Thursday, August 2, 2012

Doronicum orientale, Leopard's bane

 Doronicum orientale syn. D caucasicum  has sent up a near perfect solitary yellow daisy flower measuring some 5cm or 2" across, glowing at the top of a short stem. I thought I should record that I actually got this plant to flower, for, without being too pessimistic, it may well have disappeared from my garden and be just a memory in years to come. So many plants have done this for me and in pre-blogging days I kept no record of their existence or brief appearance. We all like to grow plants which are really quite unsuitable for the climate or which need some special growing conditions but there is nothing quite like a challenge in the gardening world. This small creeping rhizomatous perennial which has slightly hairy ovate scalloped leaves is from the cold Northern Hemisphere woodlands and meadows of Siberia, the Caucasus, Turkey and Lebanon.
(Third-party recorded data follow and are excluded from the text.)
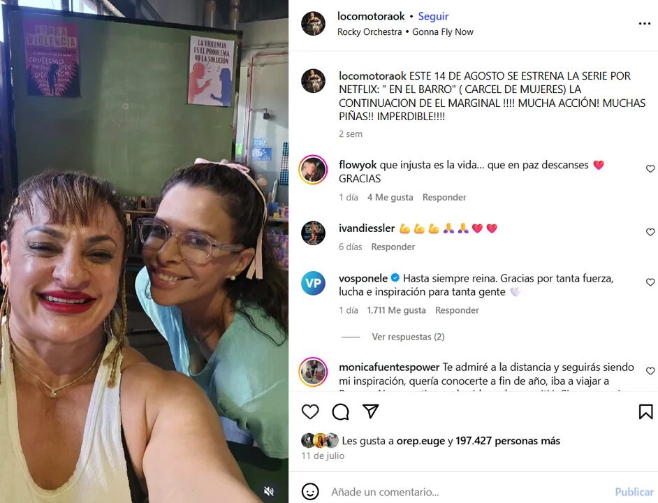 De hecho, su última publicación en Instagram fue anunciando su participación en la serie de Sebastián Ortega, junto a imágenes con las demás actrices en el set: “Este 14 de agosto se estrena la serie por Netflix: ‘En el barro’ (cárcel de mujeres), la continuación de El Marginal!! Mucha acción! Muchas piñas!! Imperdible!!!!”.
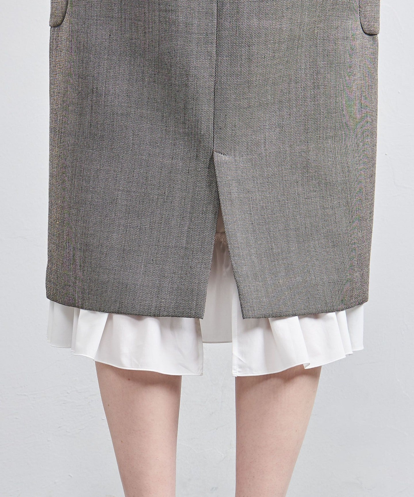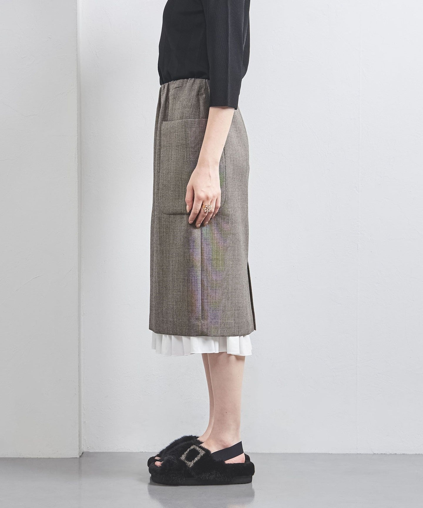A layered skirt set consisting of an elegant tight skirt and an underskirt made of a different material.
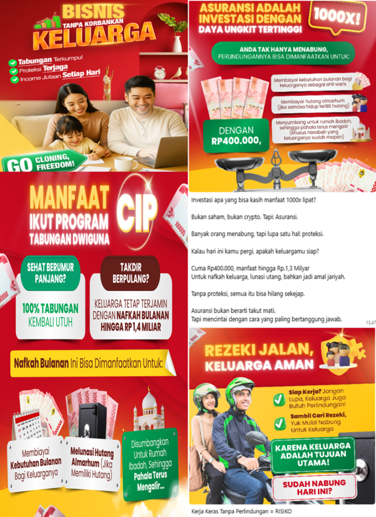 Sistem ini bekerja dengan cara : Menabung Rp 400.000 per bulan selama 5 tahun. Uniknya, setiap tabungan yang dibayarkan akan di cloning menjadi titik-titik baru dan ditempatkan di level terbawah sehingga semua akan mendapatkan guyuran omset dan bonus. Klik Info detail dan cara daftarnya

My RHS encylopedia tells me it is prone to root rot and powdery mildew and needs a humus rich sandy soil. I agree about the root rot as one out of my three plants is barely hanging on. Without a garden soil which matches this growing requirement, I have made up a special potting mix using a sand based seed raising mix combined with some Perlite and coco-peat. Hopefully I can report in a years time that it is still growing strong.
2017 update: Sadly I no longer have this plant.